Pictures stay out. Everything else in the listing below gets written out exactly.

* Source data:
Content starts
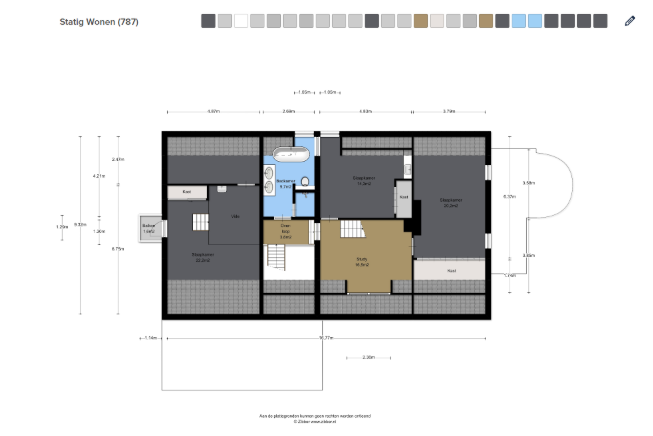 Dit kan niet naar waarheidsgetrouw uitgewerkt worden en is enkel ter indicatie. Hierin voeren we dan ook geen grote wijzigingen in door. Floorplanner is hiervoor ook niet geschikt.
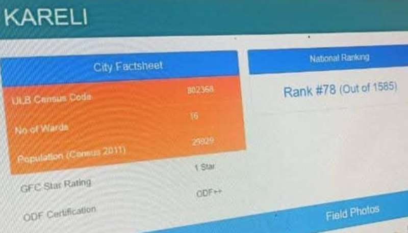 देश में 1585 नगर पालिकाओं में करेली को मिला 78वां स्थान, पिछले वर्ष था 227 वें स्थान पर
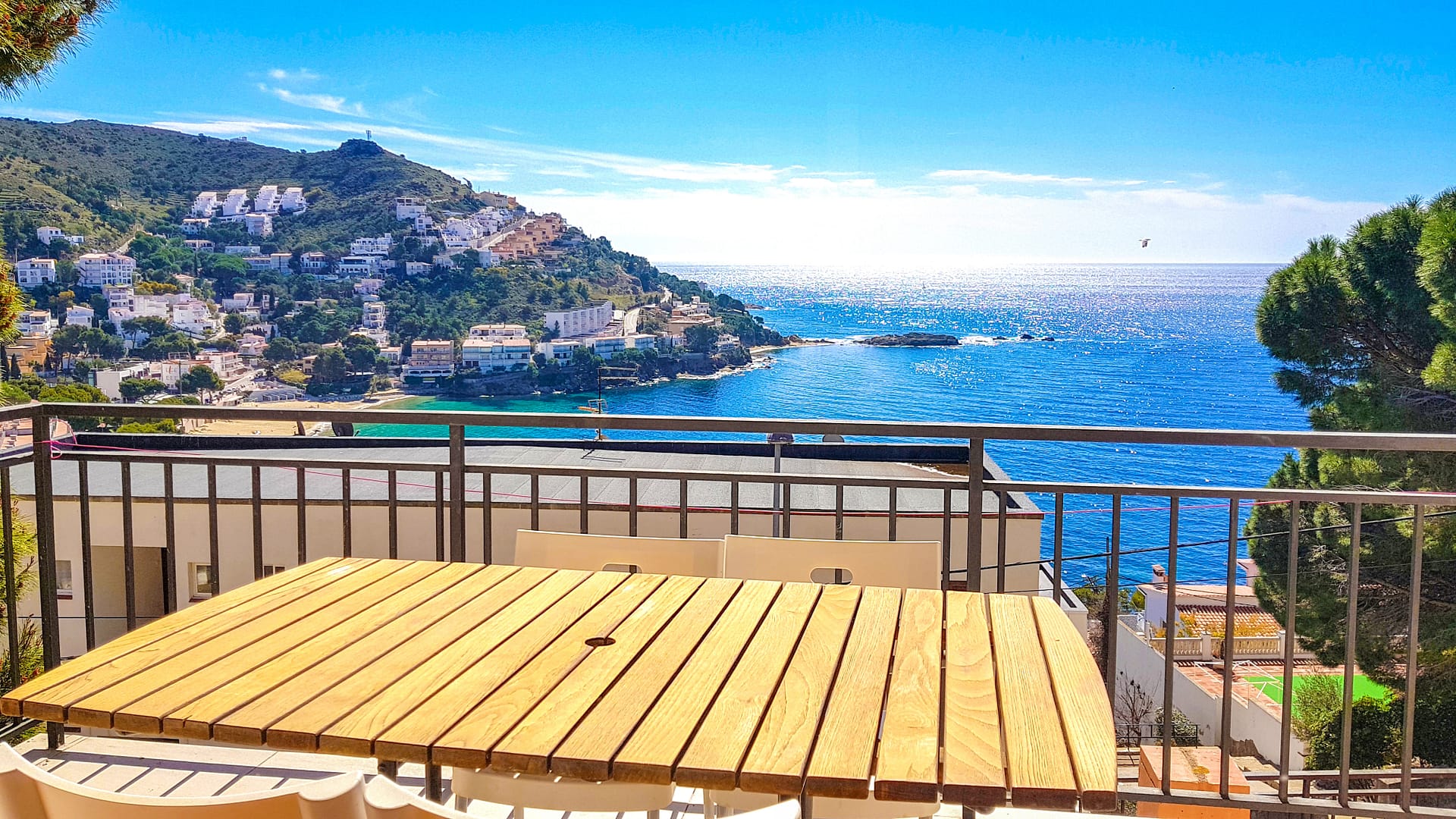 Apartment 1 offers an impressive panoramic sea view (the beach is only 130 meters away) and has a 17 m² terrace (8 meters wide x 2.1 meters deep), equipped with a parasol, table, chairs, and sun loungers.
Content ends
* Result for this exercise:
 Dit kan niet naar waarheidsgetrouw uitgewerkt worden en is enkel ter indicatie. Hierin voeren we dan ook geen grote wijzigingen in door. Floorplanner is hiervoor ook niet geschikt.
 देश में 1585 नगर पालिकाओं में करेली को मिला 78वां स्थान, पिछले वर्ष था 227 वें स्थान पर
 Apartment 1 offers an impressive panoramic sea view (the beach is only 130 meters away) and has a 17 m² terrace (8 meters wide x 2.1 meters deep), equipped with a parasol, table, chairs, and sun loungers.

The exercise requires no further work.